* [YOUR GOAL]
An exact repetition of the data is required; no picture should appear in it.

* [DATA BLOCK]
·····

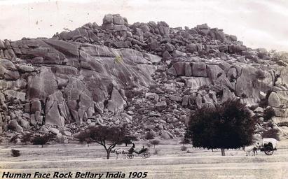 | Keywords: Human Face Rock Bellary.jpg en The South side of the Human Face hill Bellary India 1905-01-01 http //wiki fibis org/index php title File Human_Face_Rock _Bellary jpg Photograph owned by J Macey other versions 15 153534 76 909237 PD-old-70-1923 Hills of Karnataka 1905 in Karnataka Rocks in India |
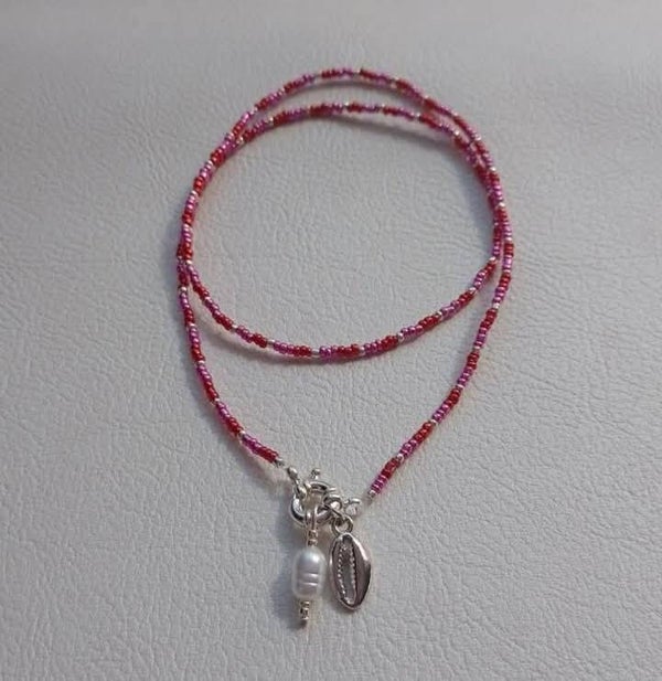 Rvs kralen schelpen/zoetwaterparel ketting. Deze te leuke zomerse ketting is van roestvrijstaal, je kunt hierdoor dus met de ketting zwemmen en douchen!! De ketting is €4,50 euro per stuk. Hij is ook beschikbaar in het goud.
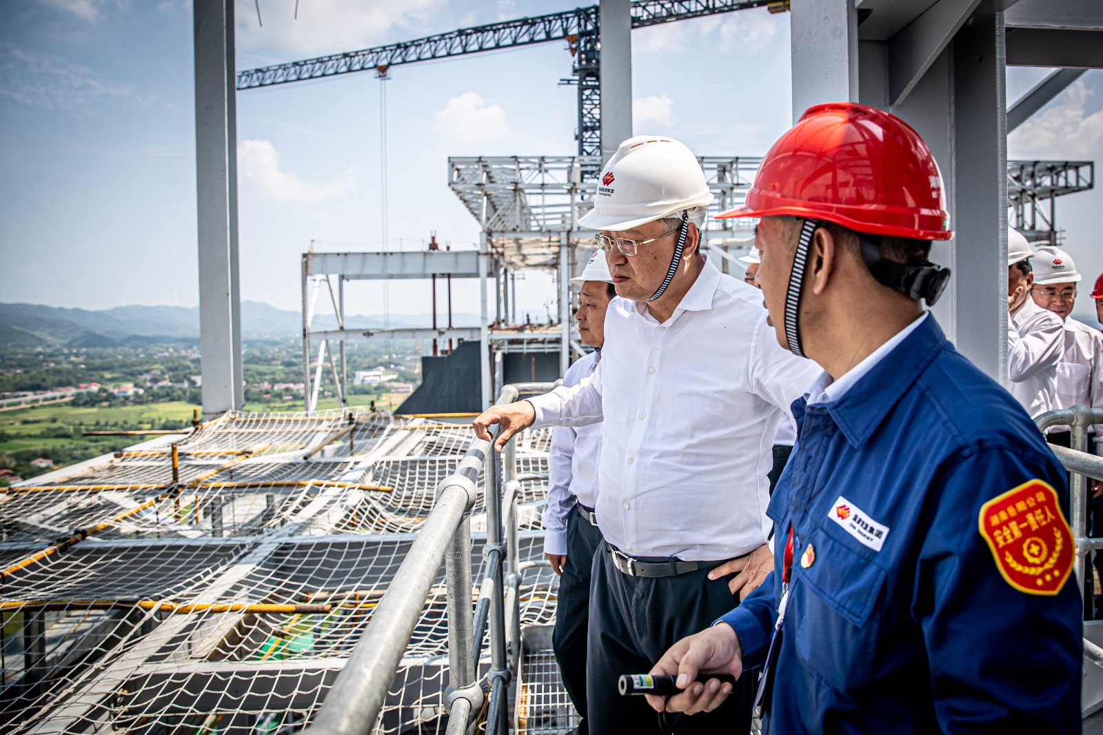 劉國(guó)躍在岳陽(yáng)電廠察看鍋爐107米平臺(tái)施工情況
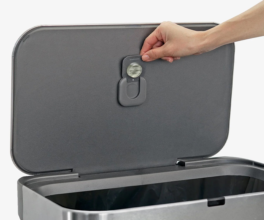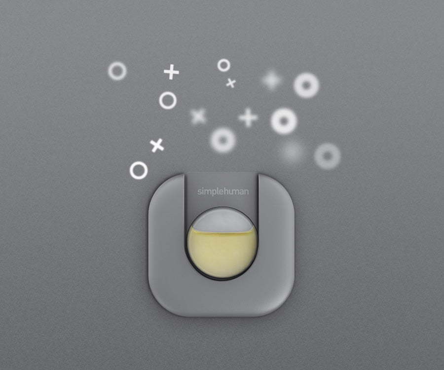 Ons 100% natuurlijke odorsorb-capsule past discreet onder het deksel van je Simplehuman-afvalbak, zodat nare geurtjes verleden tijd zijn.

·····

* [OUTPUT BELOW]
 | Keywords: Human Face Rock Bellary.jpg en The South side of the Human Face hill Bellary India 1905-01-01 http //wiki fibis org/index php title File Human_Face_Rock _Bellary jpg Photograph owned by J Macey other versions 15 153534 76 909237 PD-old-70-1923 Hills of Karnataka 1905 in Karnataka Rocks in India |
 Rvs kralen schelpen/zoetwaterparel ketting. Deze te leuke zomerse ketting is van roestvrijstaal, je kunt hierdoor dus met de ketting zwemmen en douchen!! De ketting is €4,50 euro per stuk. Hij is ook beschikbaar in het goud.
 劉國(guó)躍在岳陽(yáng)電廠察看鍋爐107米平臺(tái)施工情況
 Ons 100% natuurlijke odorsorb-capsule past discreet onder het deksel van je Simplehuman-afvalbak, zodat nare geurtjes verleden tijd zijn.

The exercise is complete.